Much of our knowledge of paganism was filtered through the minds of the Victorians, who were simultaneously fascinated and repelled by the idea of primitive religions, by the whole noble savage thing. They thought they were masters of the world, the Victorians, and as the 1800s came to a close the legacy of Charles Darwin and Robert Stephenson, and Charles Parsons and Hiram Maxim, had convinced them that, if there was a God, he was either dead or mad or no longer relevant. In a world of X-rays and steam turbines, man was God, and God was a fiction for the little people. Better to worship spirits of the forest; at least they had a romantic quality. Did Pan take pride from being nailed to a cross? No, he was too busy drinking wine and merry-making to care about mankind's sins. And for the Victorian poets the trees and rivers were far more evocative manifestiations of the spirit than a floating old man in the sky with a beard.

England is cold / 80mm f/1.9 / Portra 160VC

Does 645 make sense today?

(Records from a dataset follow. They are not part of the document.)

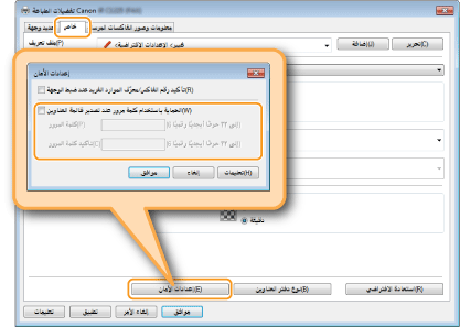 إذا قمت بتحديد [الحماية باستخدام كلمة مرور عند تصدير قائمة العناوين] في مربع الحوار الذي يتم عرضه عندما يتم النقر فوق [إعدادات الأمان] لعلامة التبويب [خاص]، يتم عرض مربع حوار لإدخال كلمة مرور عندما يتم النقر فوق [تصدير]. لمزيد من المعلومات، انقر فوق [تعليمات] على شاشة برنامج تشغيل الفاكس.
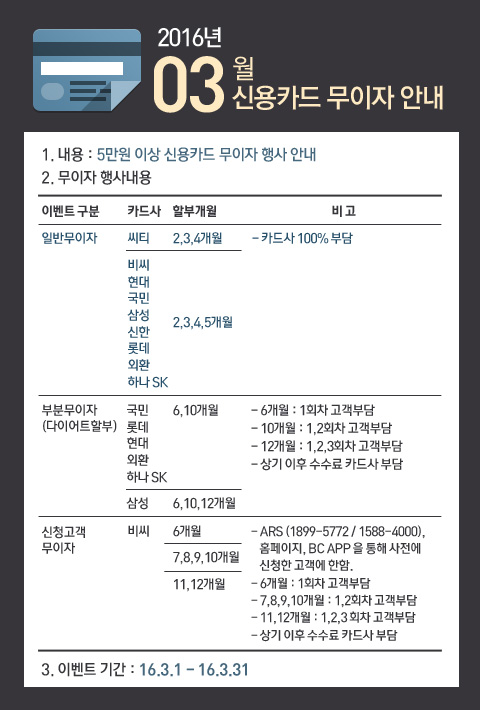 [신용카드] 2016년 3월 신용카드 무이자 안내
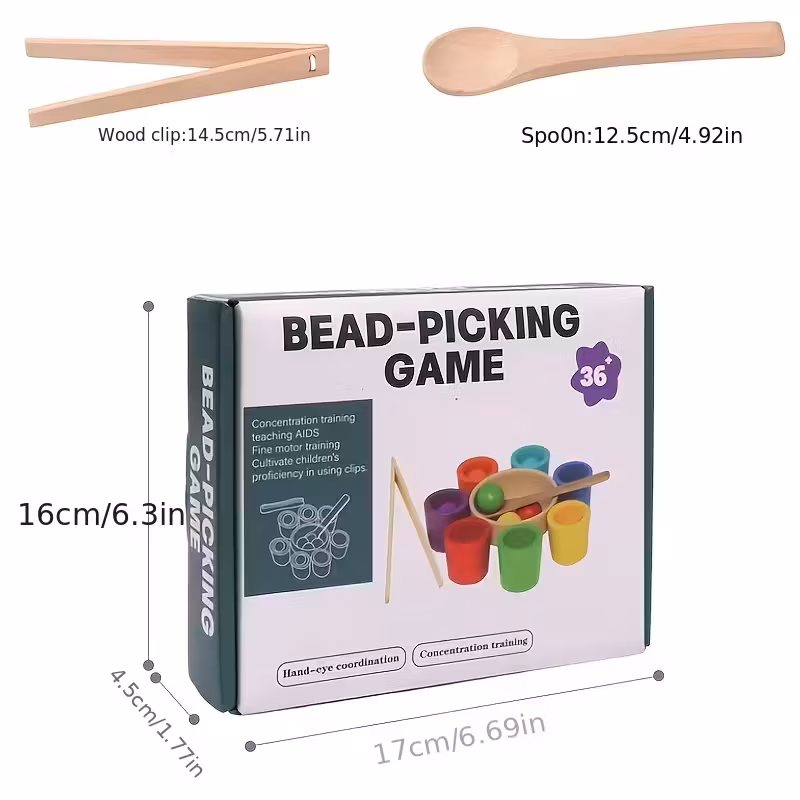 لعبة تعليمية للأطفال مصنوعة من الخشب، تتكون من كرات ملونة وأكواب مطابقة للفرز.
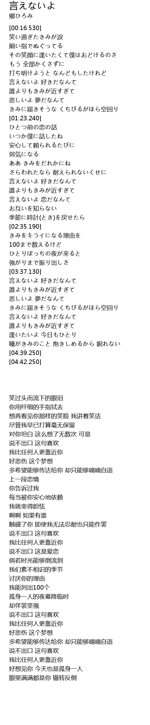 | [00:46.540] | 打ち明けようと なんどもしたけれど |
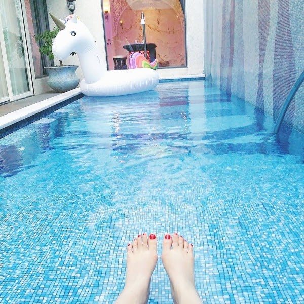 除了住宿之外也可以選擇休息,房內不僅有泳池讓你不用去海邊曬太陽就可以拍網美照,還有設置影音設備,來這裡唱歌也超划算!
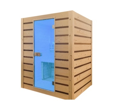 - Capacidad: 3 personas - Aislamiento de lana mineral y barrera de vapor - Banco elevado - Revestimiento exterior de Hemlock y Cedro Rojo e interior de Abachi - Kit de sauna incluido (Termómetro, Cubo, Cazo, Reloj de arena) - Estufa de 3,5 kW incluida - Puerta de vidrio de seguridad - Iluminación LED interior - Equipo de sauna tradicional
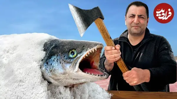 ببینید| غذای روستایی در آذربایجان؛ استخراج نمک از دریاچه و پخت ماهی با آن روی زغال
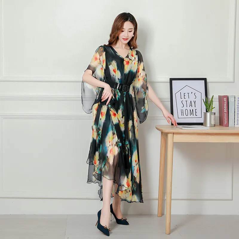 衣都精品- 2023新款波西米亞V領印花短袖連衣裙
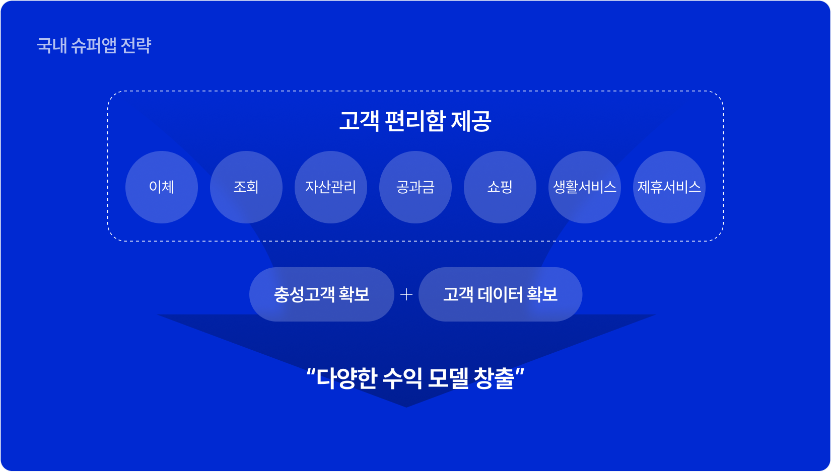 단순히 사용자만을 위한 목표로 행했을까요? 고객 입장으로 한 앱에서 통합된 서비스를 제공하면 여러 앱을 오갈 필요가 없어져, 익숙한 화면과 사용 흐름 덕분에 재방문을 이끄는 늘 켜는 앱이 됩니다. 이렇게 형성된 습관 속에서 충성 고객을 확보할 수 있을 것이라고 금융사에서는 전략적으로 다가간 것입니다.
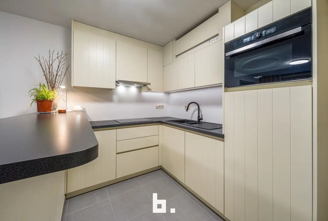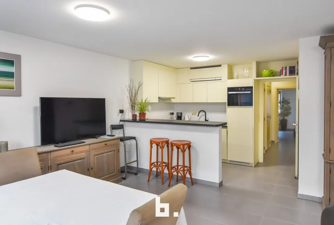 Op de eerste verdieping bevindt zich een mooi en lichtrijk appartement met een ruime living en open keuken. Aan de straatzijde is er een klein terras. Verder beschikt deze verdieping over een aparte berging, een apart toilet en een slaapkamer met aansluitend een open badkamer, uitgerust met een bad en inloopdouche. Achteraan is er bovendien een nog in te richten binnenterras.
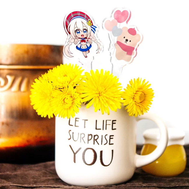 アクリルピックは、誕生日や結婚式などの特別なイベント用のケーキピックや、お部屋やお庭・花壇用のガーデンピックにもなるオリジナルピックです。
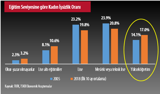 Kadınlarda yaşanan işsizlik problemi eğitim seviyelerine göre değerlendirildiğinde, resim daha net ortaya çıkıyor. Kadınlarda en yüksek işsizlik oranının düz lise ve meslek lisesi mezunlarında olduğu anlaşılıyor. Bu gruba giren kadınlara iş fırsatları yaratma konusunda Türk işgücü piyasaları son yıllarda hiç de kötü bir performans göstermemiş aslında. Diğer taraftan ise, üniversite mezunu kadınlarda ciddi anlamda yükselen işsizlik oranı dikkat çekici. Şunu anlıyoruz ki, yüksek eğitimli kadın işgücü arzına, kamu ve özel sektör yeteri kadar iş sahası yaratamamış. Bunu Türkiye ekonomisinin dönüşümünün, kadın işgücü dönüşümünden daha yavaş gerçekleşmesine bağlayabiliriz.

As a film format, no. Stop down to f/11 and you have rectangular pictures that look just like digital images, so what's the point? Perhaps the resolution is wonderful if you have a drum scanner, but you don't, you can't afford one. Professionals ditched 645 film years ago after making the tough decision as to whether they should spend a fortune on a 645 digital back, or another fortune on a high-resolution digital SLR instead. Over the last year I've shot a lot of film, but it's not the film that appeals to me, it's the format. The combination of sharp subject and narrow depth of field that comes from having a larger sensor. But medium format digital backs now have 645-sized full-frame sensors, so film only has economy in its favour; but it doesn't even have that, because on a professional level the cost of film and scanning quickly mounts up, and clients don't care. On the other hand, for not much money I can emulate the professional photographers of my youth. And 645 bodies look wicked, like proper grown-up cameras. But if you want to pose, a TLR looks even more wicked, which leaves 645 film as a curiosity, really. But I am a curious man.

In this post I've had a look at 645, the format. In the next post I'll have a look at the Mamiya 1000S, a first-generation Mamiya 645 camera, and the Mamiya 80mm f/1.9 fast standard lens, the only 645 lens I have. I will also give out some tips on how to cook maraconi and cheese - it has to be from a packet, not a can - and how to survive for more than a few days in the popular zombie game DayZ. PROTIP: The hatchet is your friend. Matches doubly so, if you can find them. Do not despise the Lee Enfield. There is always a sniper taking a bead on you; he'll get you if he really wants to, and it's your job to persuade him that it's not worth the cost in time and ammo. Fields, open fields, you will learn to fear them.